The unexpected action left the new chief executive little choice but to call on one of the other celebrities on the court with party affiliations akin to his own.

The woman then on the court resigned voluntarily fourteen minutes after she was sounded out. She put forth as her explanation an overwhelming yearning to return to the field she loved most: housework. All her life, she stated, she had aspired only to be a housewife.

And the other star of magnitude in that revered constellation of honorable justices to which people had formerly been prone to look up, an honorable gentleman commended frequently by friendly newspapermen for what they called his wit and his showman's preening flair for tendentious and self-amusing hair-splitting, went fishing.

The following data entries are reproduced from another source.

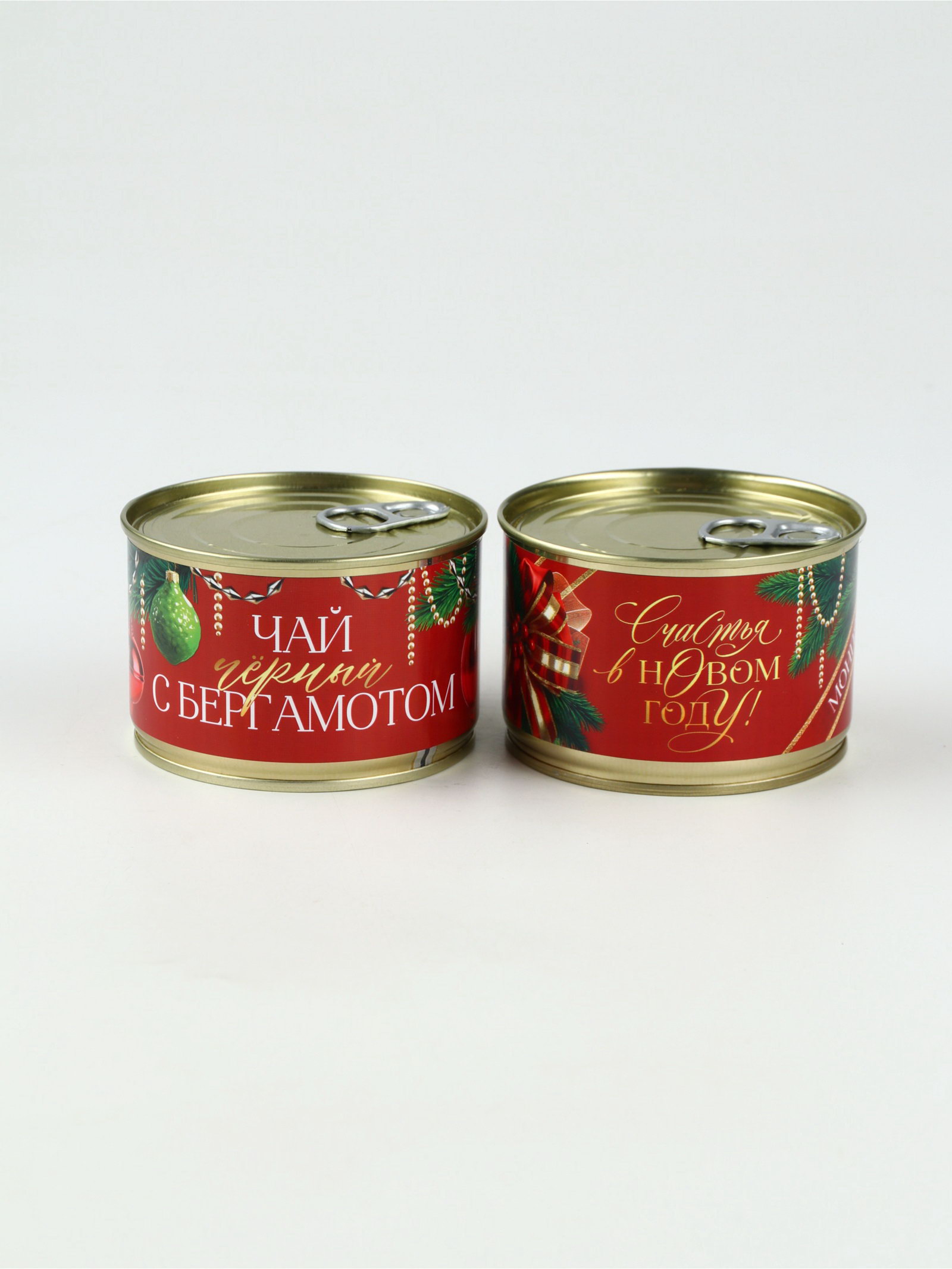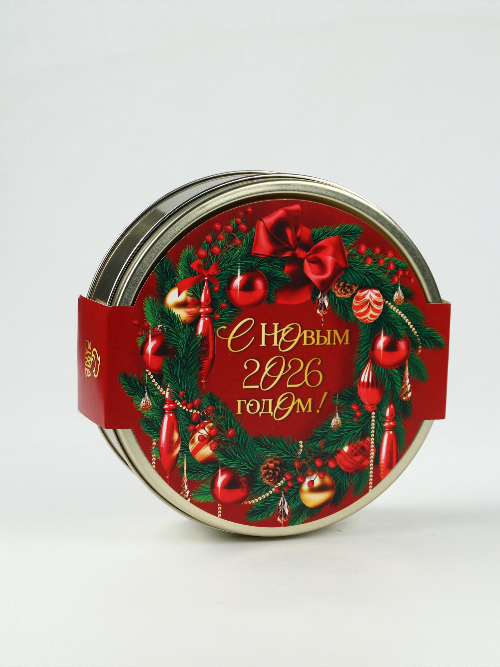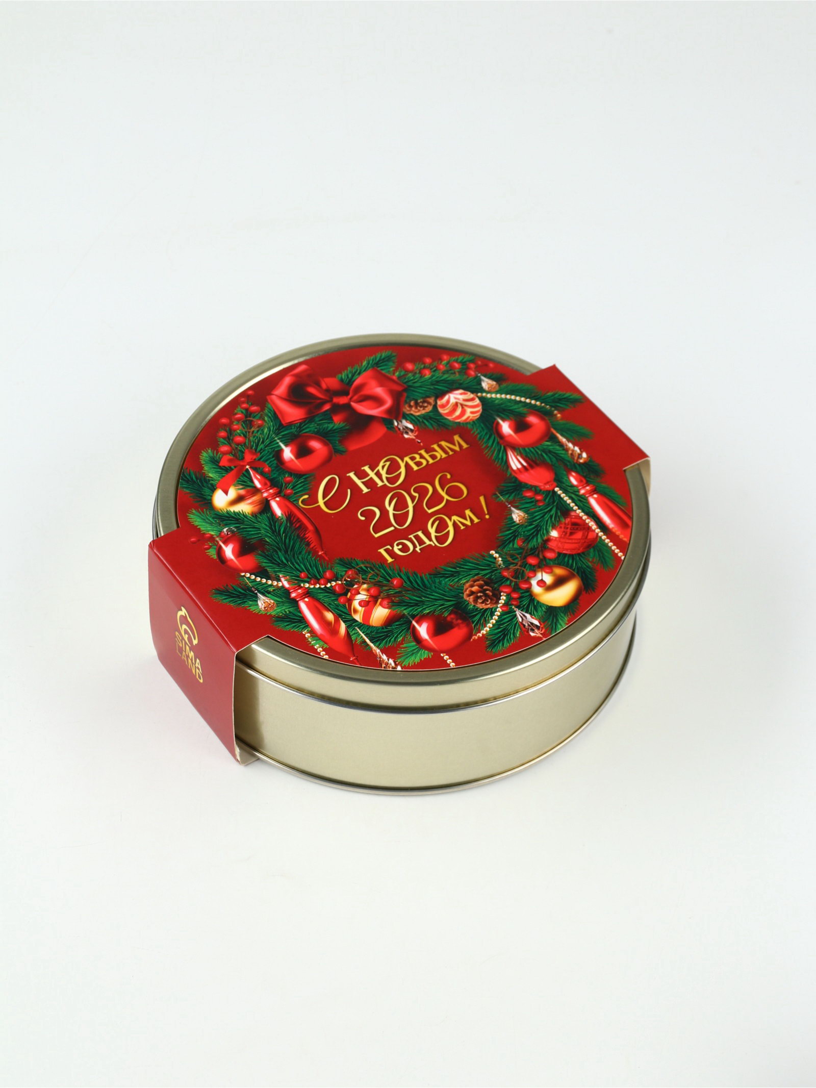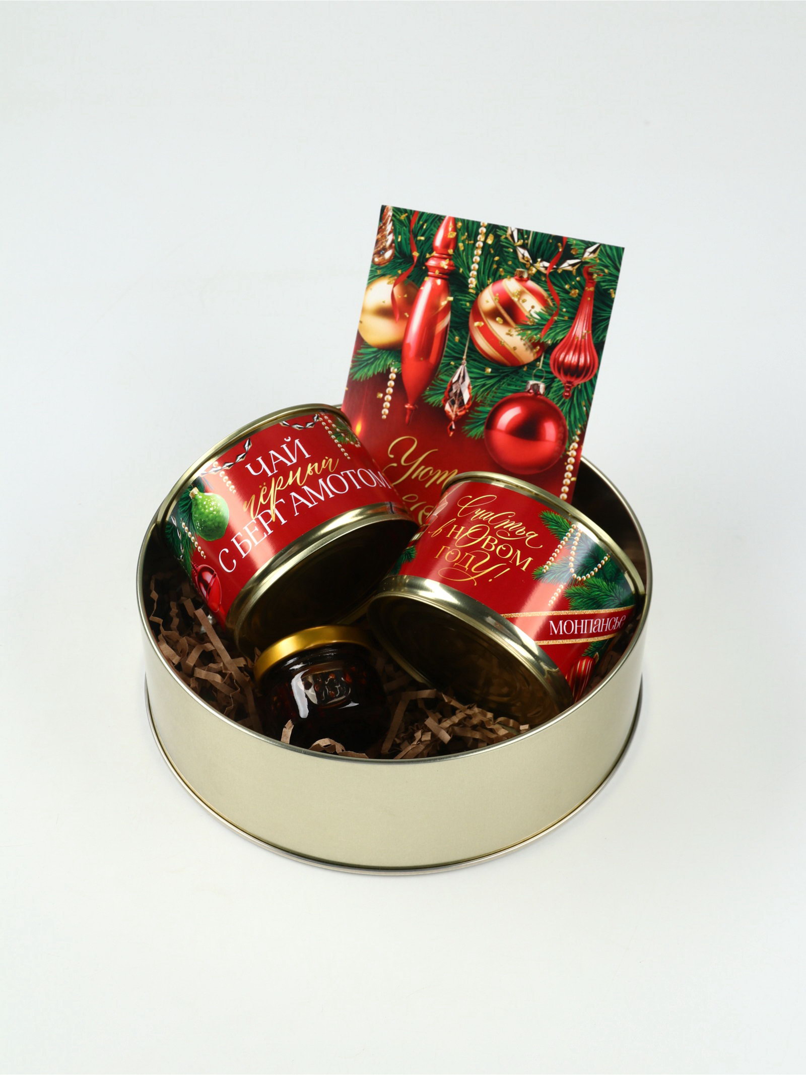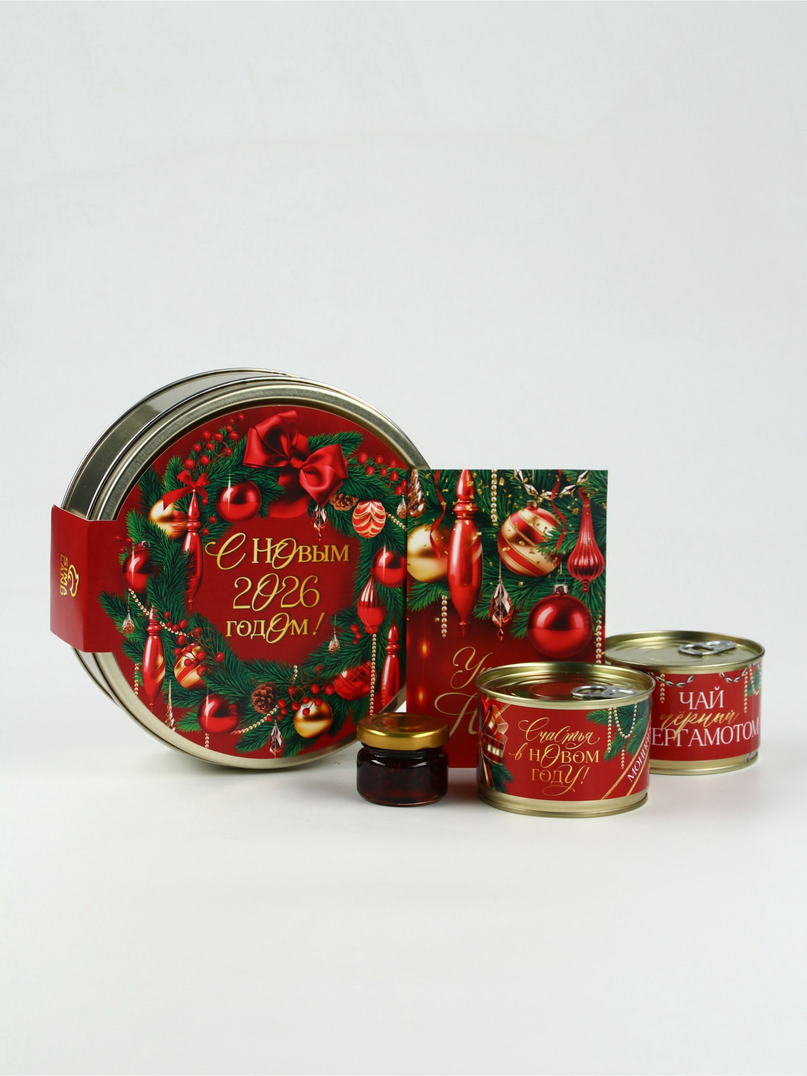 Подарочный набор новогодний "С Новым 2026 годом" в железной банке: чай, монпансье, варенье, открытка, Фабрика счастья, Россия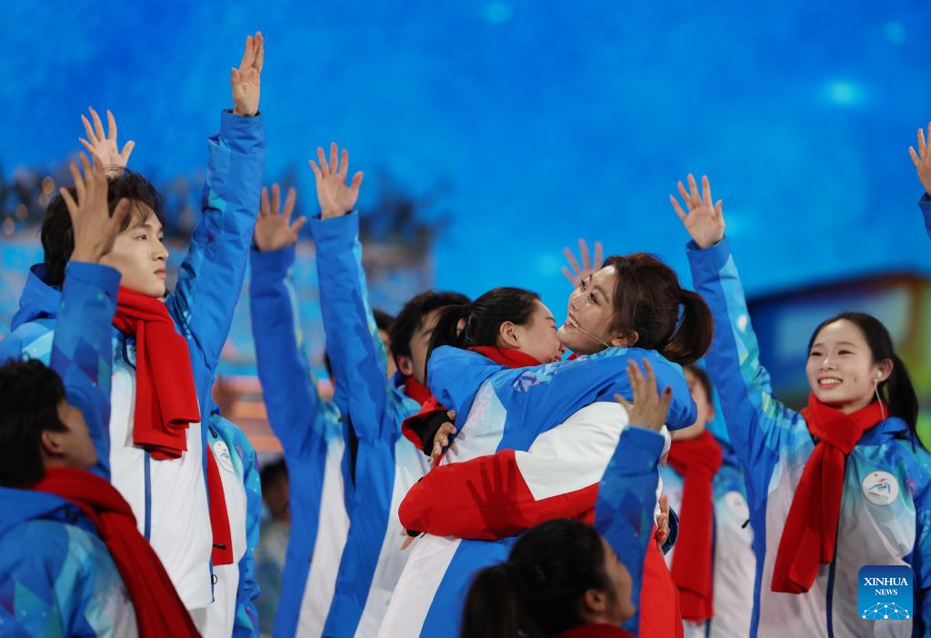 Delegation members of Thailand and the Democratic People's Republic of Korea attend the closing ceremony of the 9th Asian Winter Games in Harbin, northeast China's Heilongjiang Province, Feb. 14, 2025. (Xinhua/Zhang Tao)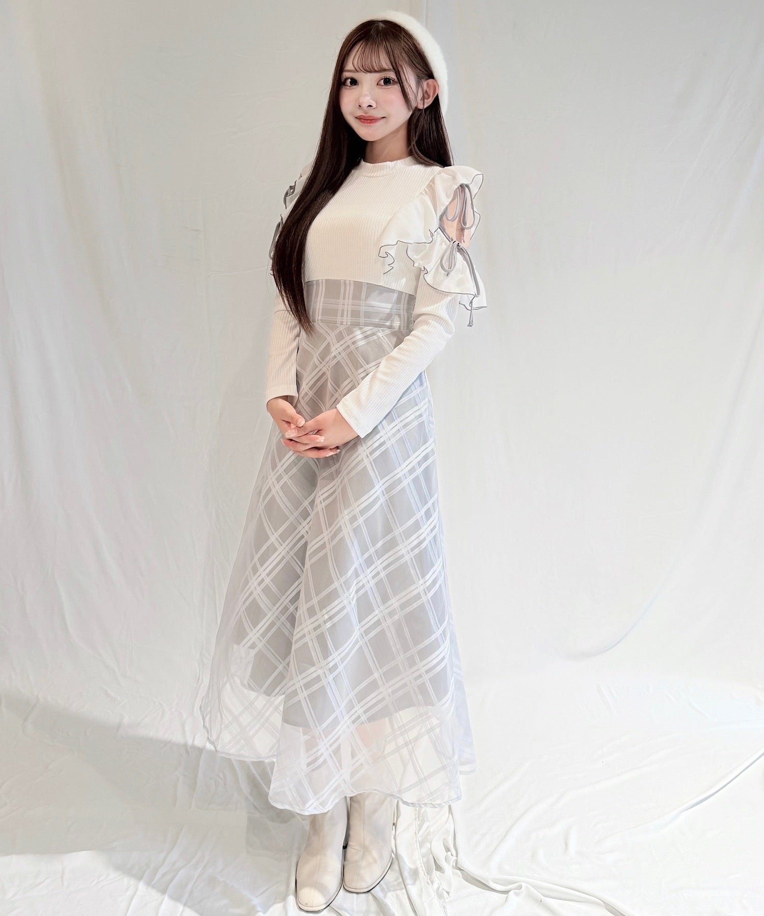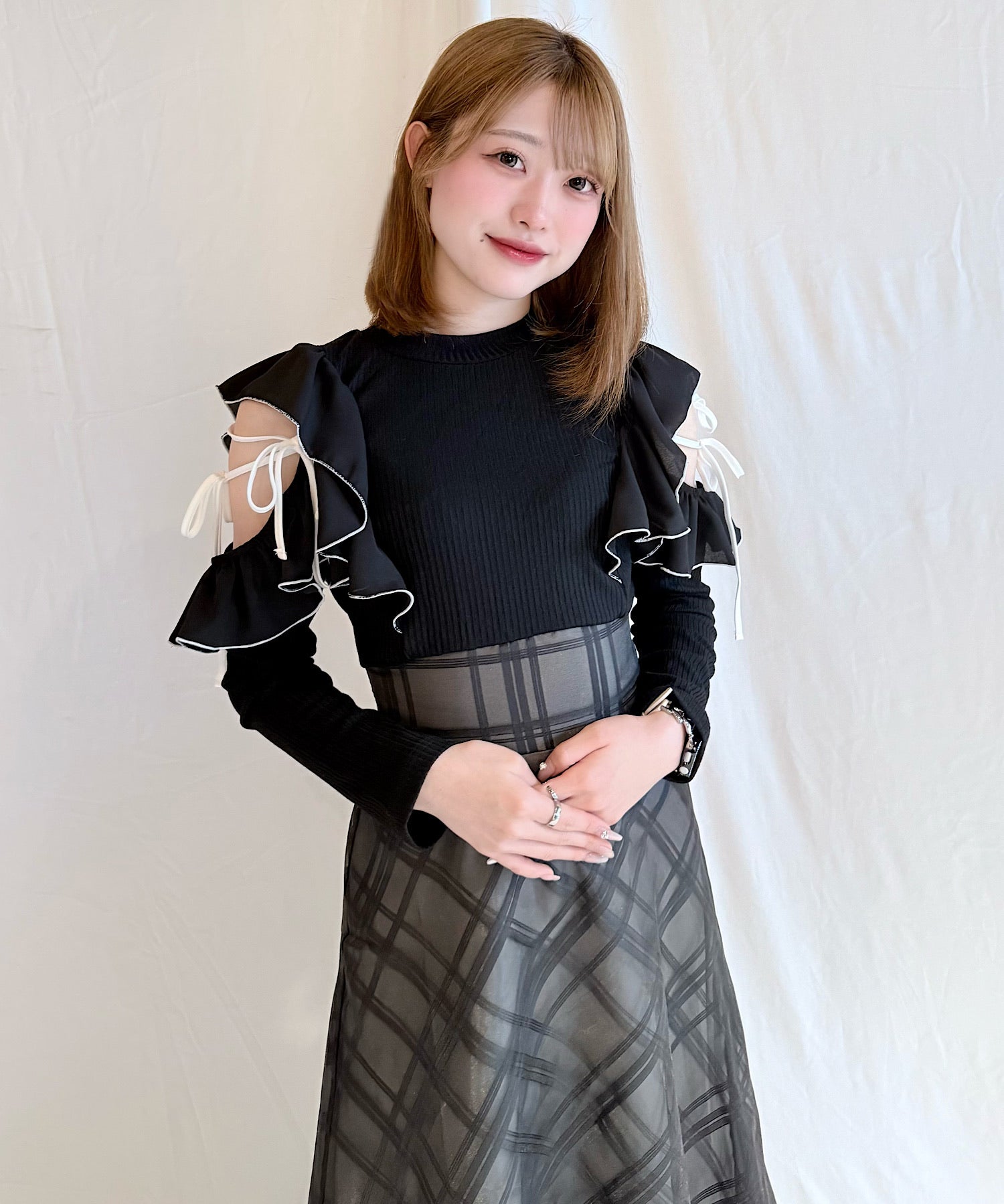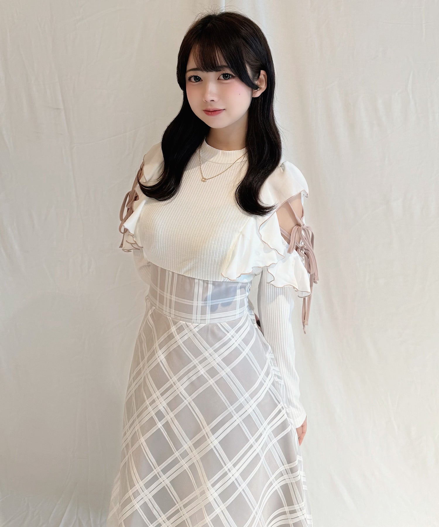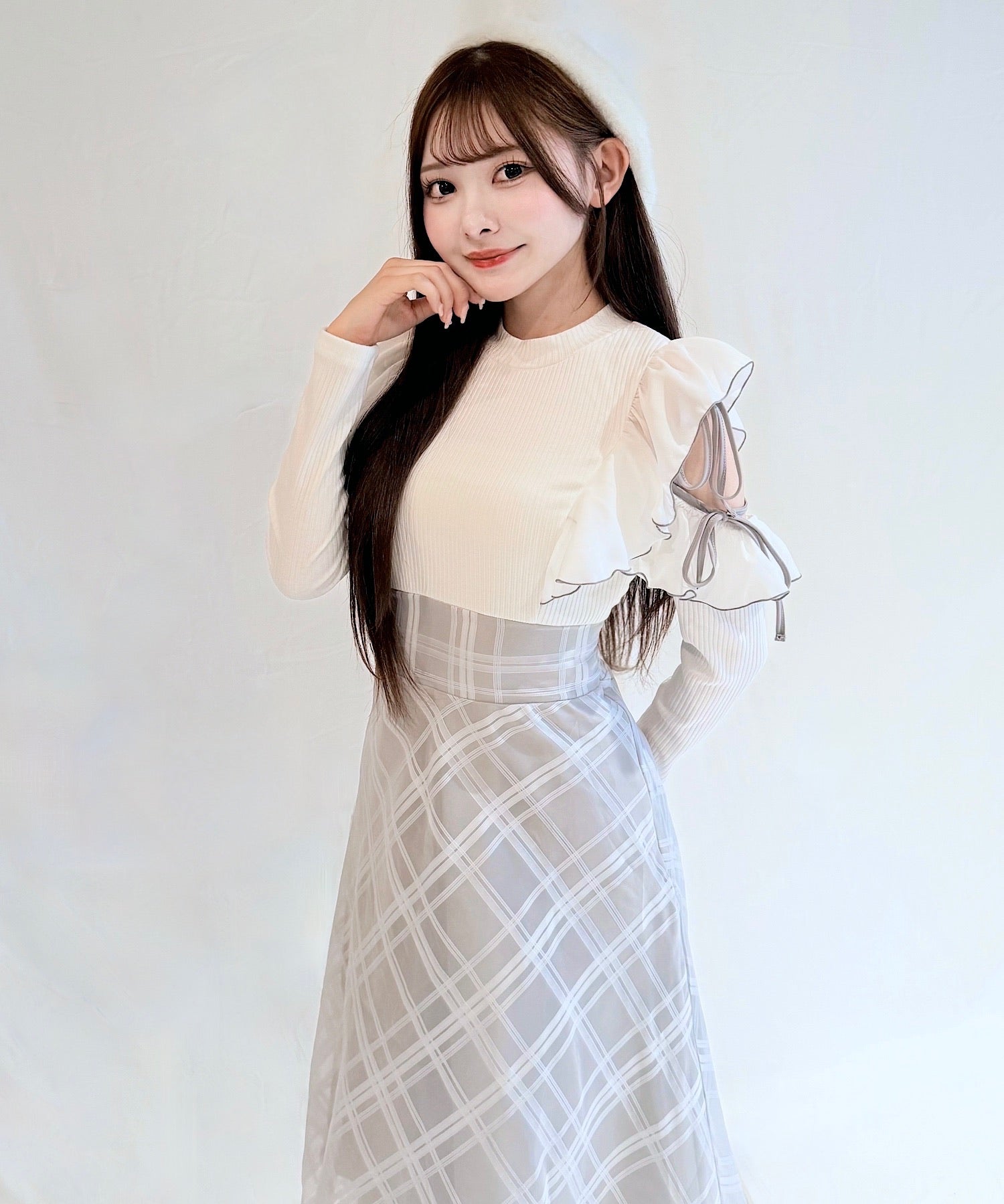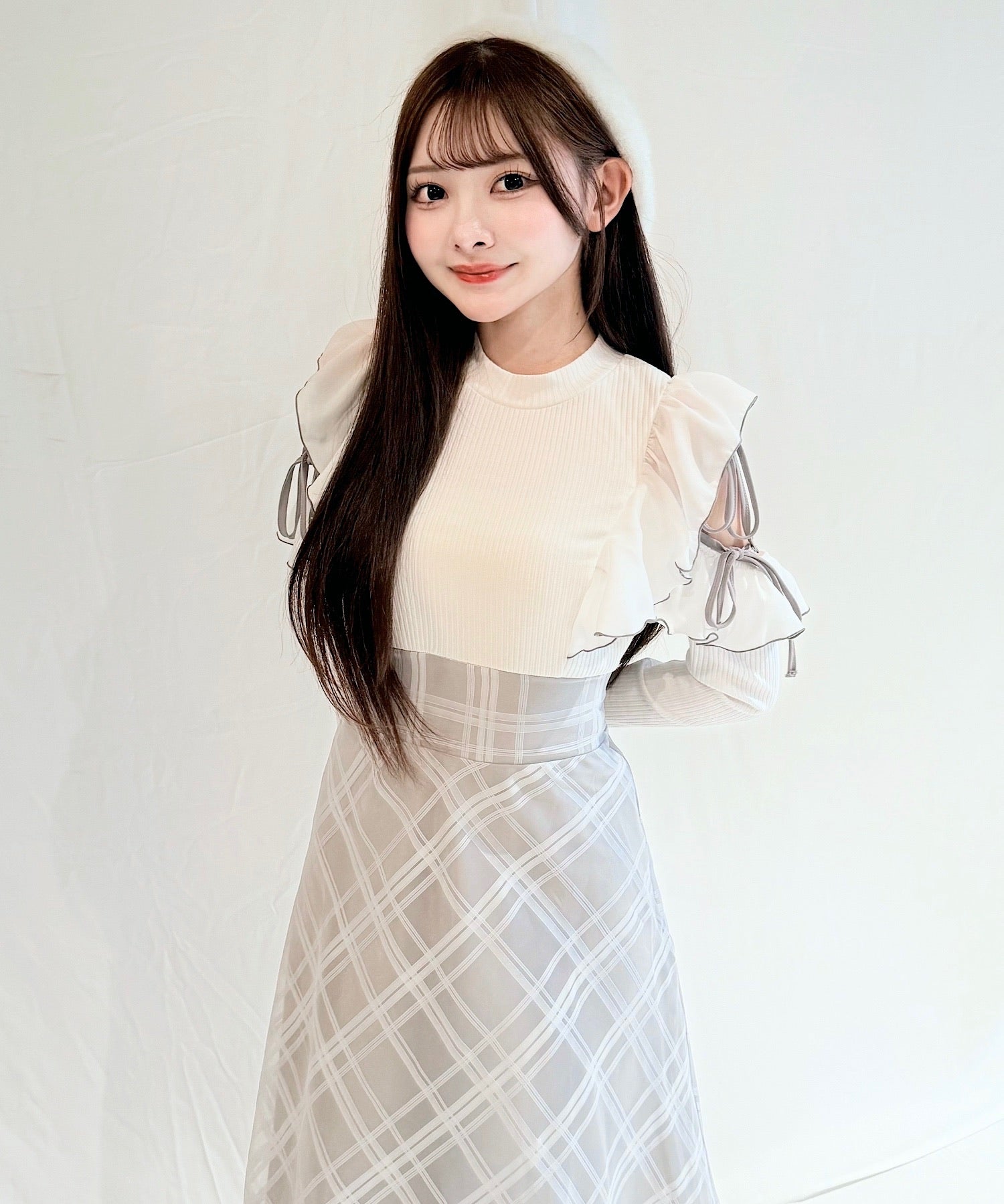 ・肩のフリルデザインとリボンが二の腕周りをさりげなくカバーし、華奢見えを叶えることができるワンピースです。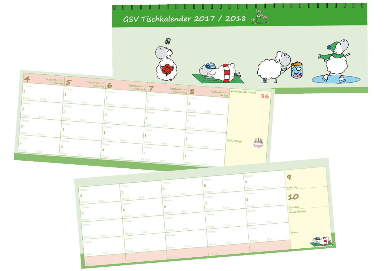 Der GSV Tischkalender mit Edgar, dem Schaf begleitet Sie fröhlich durch das Schuljahr.

The Afro-American was of course out of the question. White America would not tolerate a President whose legitimacy in office had been validated by a black man, and especially by a black man like that one, who was not much of a lawyer and not much of a judge and had seemed at his confirmation hearings to be composed entirely out of equal measures of bile and bullshit.

The other orthodox party members on the court were spurned as simply not colorful enough and insufficiently well known. Their rejection became all the more final when from their chambers the constitutional doubt filtered out through unnamed sources and unidentified background officials as to whether any honorable member of any court in the land truly possessed the right to swear a man like him into the office of the highest government official in the land. In rare unanimous decision, they hailed the chief justice for resigning, the woman for her housework, and the witty one for going fishing.